**** Input data

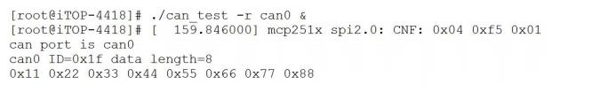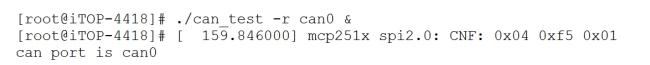 在一块开发板上,先使用命令“./can_test -r can0 &”,运行接收程序,如下图所示。
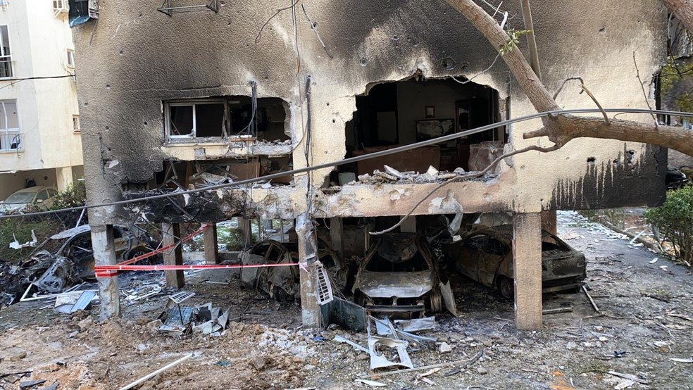 Prédios vizinhos de Higor Vidal ficaram destruídos em Israel — Foto: Arquivo Pessoal
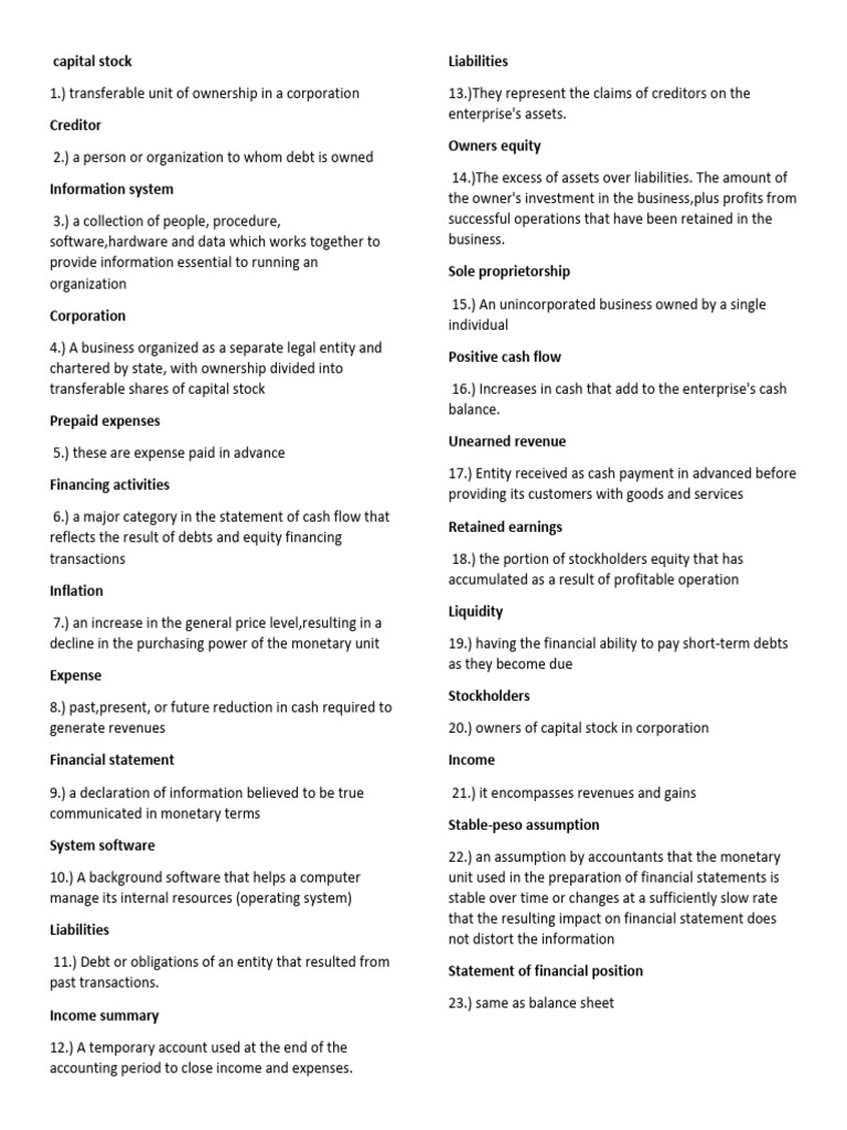 1.) transferable unit of ownership in a corporation 13.)They represent the claims of creditors on the
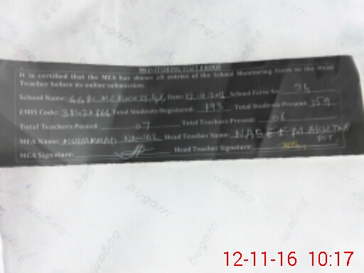 | Certified that this School was Inspected by the Undersigned MEA/DMO Today and the Information Stated Above is as Per Record. | |||||
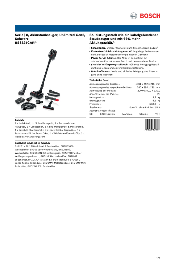 Bosch Haushalt Unlimited Gen2 BSS825CARP Odkurzacz ręczny, akumulatorowy 18 V
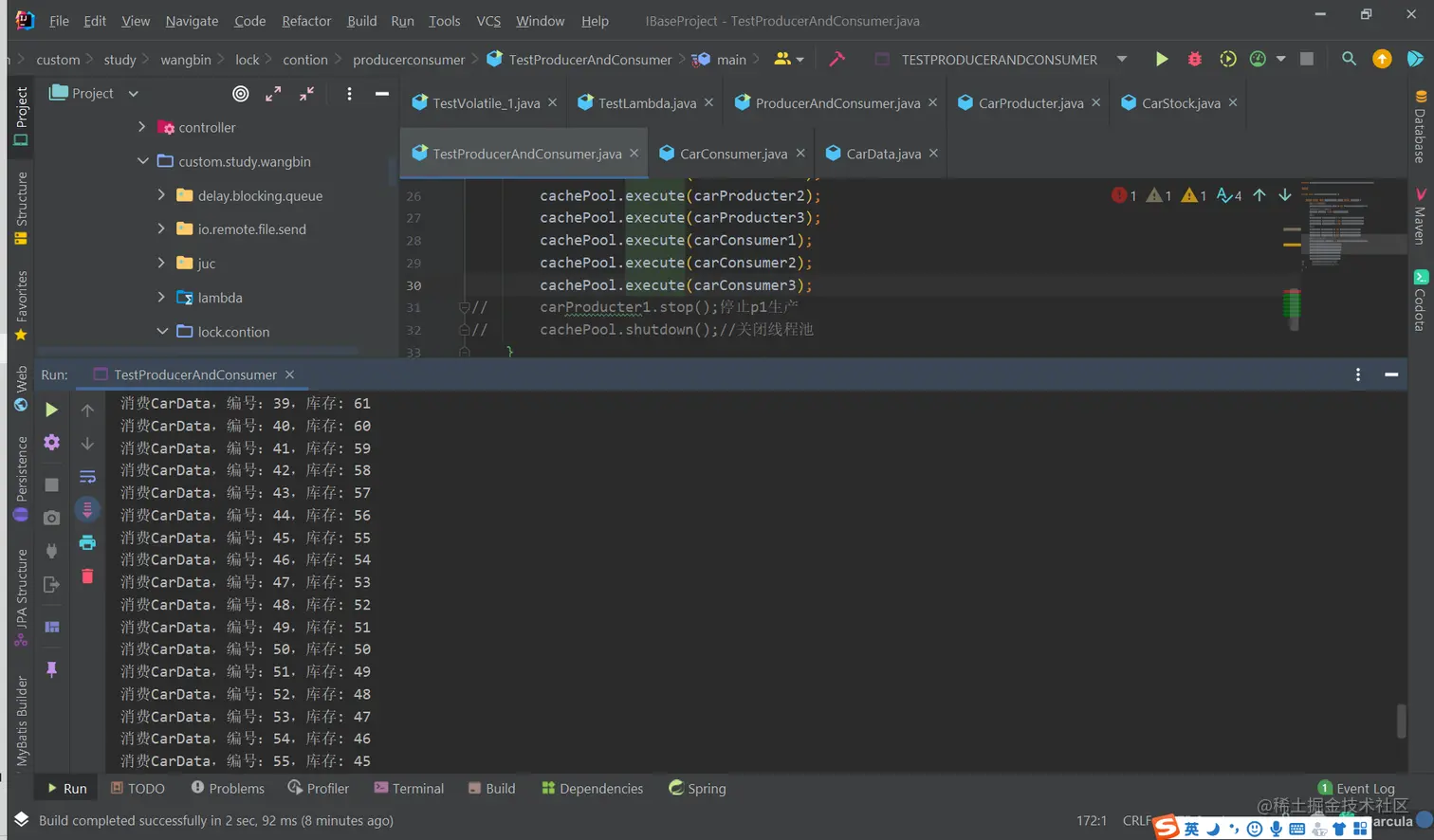 接下来,我们使用队列和线程池技术对该程序进行改进,并且此次共享数据是一个BlockingQueue队列,该队列可以保存100个Car Data对象。

********

Reproduce all of the entries exactly as they appear, though any picture they include must be omitted.

Exercise output
 在一块开发板上,先使用命令“./can_test -r can0 &”,运行接收程序,如下图所示。
 Prédios vizinhos de Higor Vidal ficaram destruídos em Israel — Foto: Arquivo Pessoal
 1.) transferable unit of ownership in a corporation 13.)They represent the claims of creditors on the
 | Certified that this School was Inspected by the Undersigned MEA/DMO Today and the Information Stated Above is as Per Record. | |||||
 Bosch Haushalt Unlimited Gen2 BSS825CARP Odkurzacz ręczny, akumulatorowy 18 V
 接下来,我们使用队列和线程池技术对该程序进行改进,并且此次共享数据是一个BlockingQueue队列,该队列可以保存100个Car Data对象。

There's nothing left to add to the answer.